Upon our acquisition of the real estate assets, we will lease them back to Median under a 27 year master lease, with annual escalators at the greater of one percent or 70% of the German consumer price index. We expect the transactions to be completed during the first quarter of 2015.

An affiliate of Waterland controls RHM, the operator and lessee of the German facilities that we currently own.

Subject to prevailing market conditions, we intend to finance the Median transactions with the assumption of existing mortgage debt on the facilities, net proceeds of borrowings under our Credit Facility, new secured and unsecured debt issuances, equity issuances, or a combination thereof.

On October 17, 2014, we exercised the $250 million accordion to our existing Credit Facilty which increased the current aggregate committed size of the facility to $1.15 billion. In addition, we negotiated for a new accordion of up to $400 million, for total aggregate capacity of $1.55 billion. We also amended the Credit Facility to increase the alternative currency sublimit to €500 million and certain covenants in order to permit us to consummate and finance the Median transactions. Finally, we have received a commitment letter from J.P. Morgan, pursuant to which JPM and a syndicate of lenders have agreed to fund a new one-year senior unsecured term loan of up to $225 million. The commitment letter is subject to customary conditions for this this type of financing, including, but not limited to, consummation of the Median transactions. The commitment letter provides that, subject to certain exceptions, the commitment will be reduced by the amount of additional debt and equity capital that we raise (or if the term loan is then funded we will be obligated to repay the term loan in such amount).

Other Acquisitions and Financing

On October 31, 2014, we acquired a 237-bed acute care hospital, four medical office buildings and a behavioral health facility in Sherman, Texas for $32.5 million.
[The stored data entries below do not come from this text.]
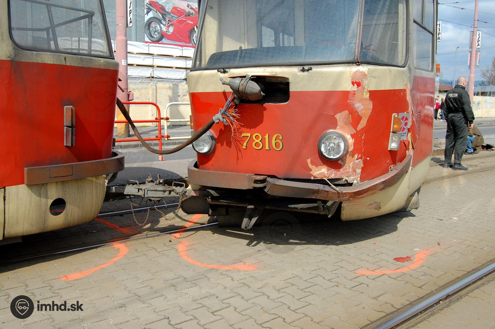 Poškodená predná časť zadného vozňa súpravy #7815+7816, ktorý po vykoľajení narazil do protiidúcej električky.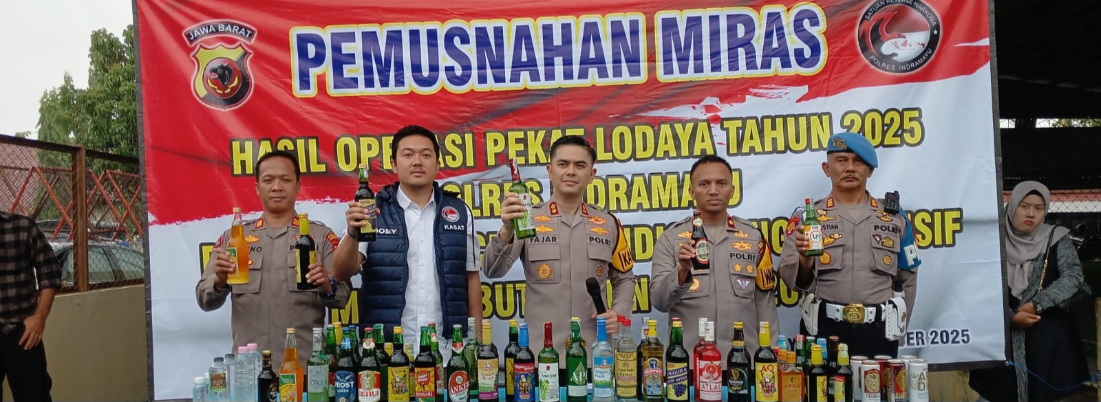 Indramayu,pikiranrakyatnusantara.com-Upaya menutup celah gangguan keamanan menjelang pergantian tahun dilakukan Polres Indramayu dengan cara tegas. Sebanyak 21.560 botol minuman beralkohol dan minuman keras (miras) hasil Operasi Penyakit Masyarakat (Ops Pekat) 2025 dihancurkan di Mapolres Indramayu, Rabu pagi (31/12/2025).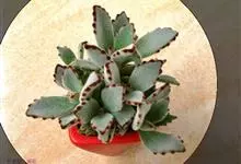 褐斑伽蓝是景天科伽蓝菜属的多年生多肉类植物,茎直立,多分枝,叶生于枝上,肉质叶片匙形,上面密被白色绒毛,下部全缘,叶缘上部有缺刻,缺刻处有深褐或棕色斑块。褐斑伽蓝原产非洲的马达加斯加岛。…全部>>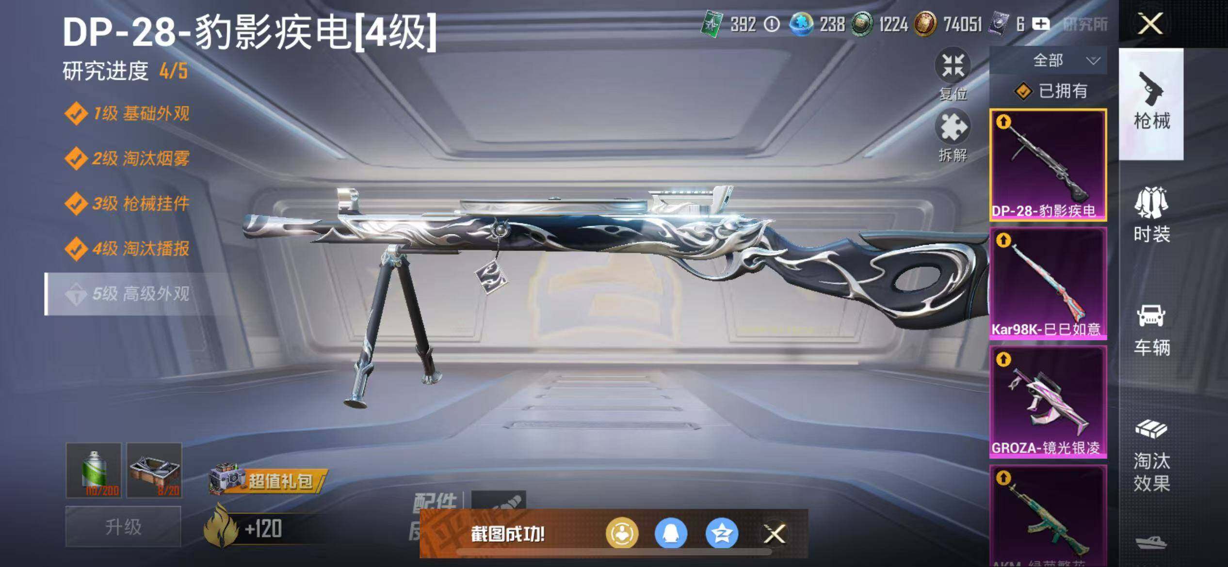 【粉色枪皮等级】:AKM-绿萝繁花(五级),M416-心之恋语(七级),GROZA-镜光银凌(五级),Kar98K-巳巳如意(三级),SKS-碧影闪光(四级),DP-28-豹影疾电(四级)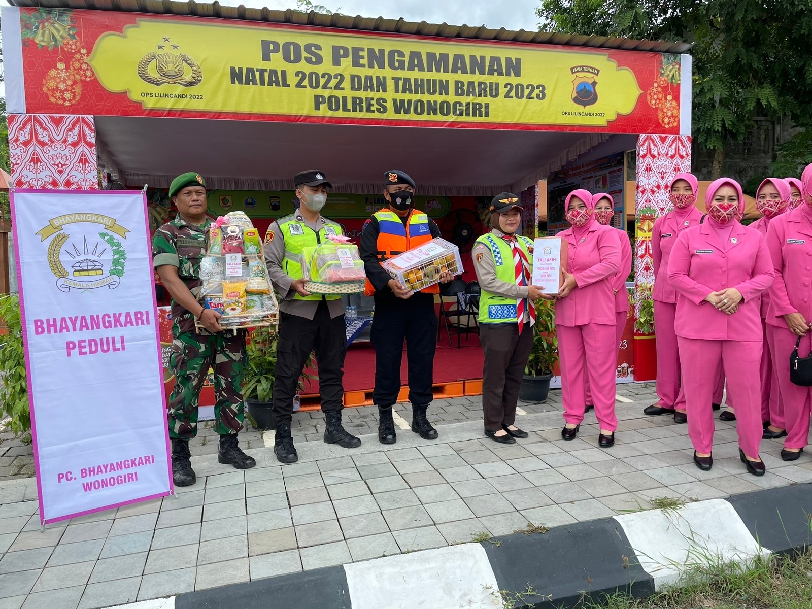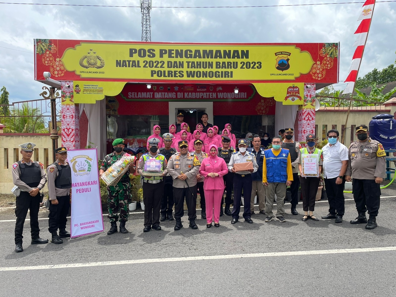 Pemberian Tali Asih oleh Bhayangkari Cabang Wonogiri ke Pos Pengamanan Nataru 2023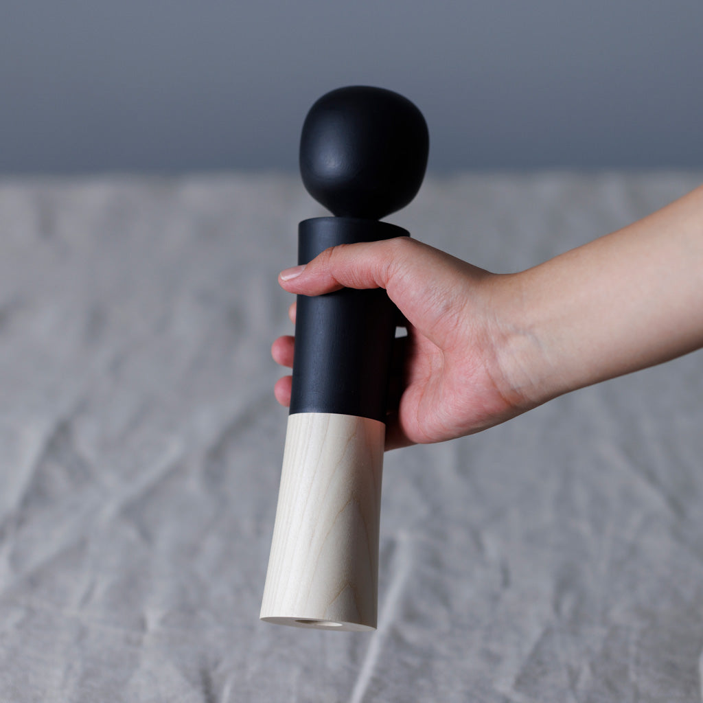 木の質感が心地よく、ほどよいサイズの丸い頭部は手のひらにすっと収まります。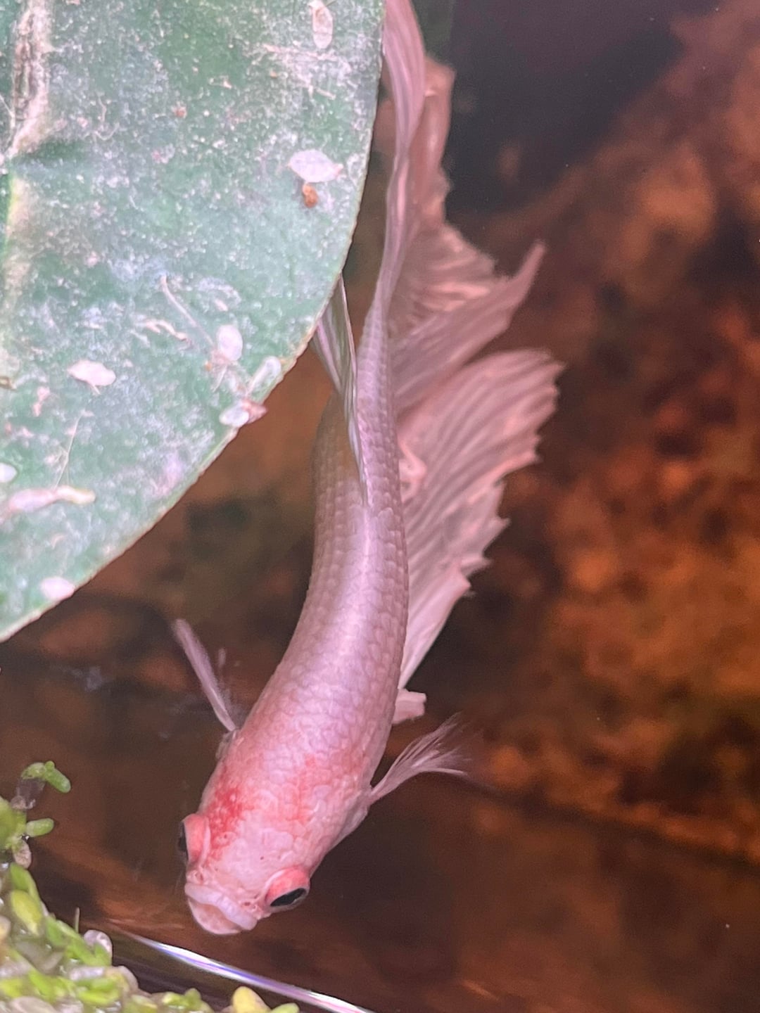 my betta has this weird coloration on his head, and i’m not sure if he’s just developing color or not, he also has this red in his tail but it just looks weird on his head. also i feel like he looks like he’s pineconing but i don’t know if im just tripping myself out or not. please let me know what you think.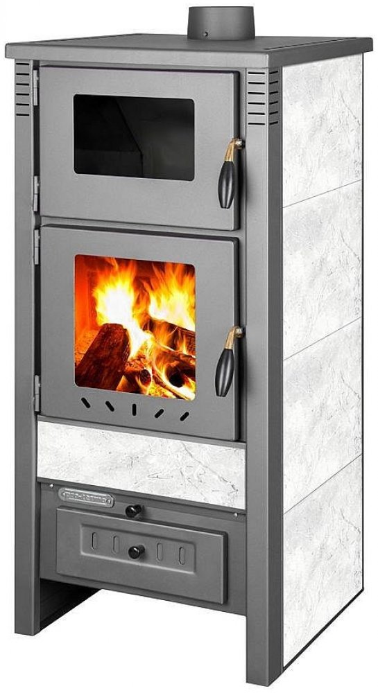 Kamna Pro TAURUS Ceramic s troubouKamna na dřevo a dřevěné brikety určená na vytápění s troubou a nerezovým plechem.Upozornění: Při používání je třeba kamna umístit do bezpečné vzdálenosti od hořlavých materiálů! Tento výrobek není vhodný jako hlavní topný systém. Vlastnosti kamenKamna slouží k vytápění.Mají jednoduchou obsluhu a úsporný provoz.Jejich součástí je i pečicí trouba (nerez-plech).Ohniště: šamot. Rošt: posuvný a vyrobený z litiny.Pro koho jsou kamna vhodná?Kamna se hodí pro vytápění větších prostor, až do 80 m3. Hodí se jak do domu, tak na chatu či chalupu. Využijete je také na pečení díky troubě a nerezovému plechu.Doplňující technické informacePrůměr kouřovodu: 120 mmMateriál: šamot, plech, nerez, keramikaKouřovod: horníVzdálenost od hořlavých materiálů: Zezadu: 40 cm, Ze stran: 40 cm, Ze předu: 80 cmPřípustná paliva: dřevo/ dřevěné briketyTeplota spalin: 279,8 °CEnergetická výkonnost: 76,04%Výkon: 12 kWRozměr topeniště: 310 x 350 x 425 mmRozměr pečicí trouby: 325 x 390 x 195 mmEnergetická třída: ATopný prostor: 60 - 80 m2Rozměr kamen: 520 x 460 x 1020 mm

Alecto Healthcare Services is the tenant and operator pursuant to a 15-year lease agreement with three five-year extension options. In addition we agreed to fund a working capital loan up to $7.5 million, of which $3 million was funded on October 31, 2014.

On September 18, 2014, we entered into definitive agreements to acquire three RHM rehabilitation facilities in Germany for an aggregate purchase price of €63.6 million (approximately $81 million). These facilities include: Bad Mergentheim (211 beds), Bad Tolz (248 beds), and Bad Liebenstein (271 beds). All three properties will be included under our existing master lease agreement with RHM. On November 4, 2014, we closed on the Bad Liebenstein facility and expect to close on the other two facilities in the 2014 fourth quarter.

During November 2014, we sold 0.8 million shares of our common stock under our at-the-market equity offering program, at an average price of $13.62 per share resulting in net proceeds of $10.3 million.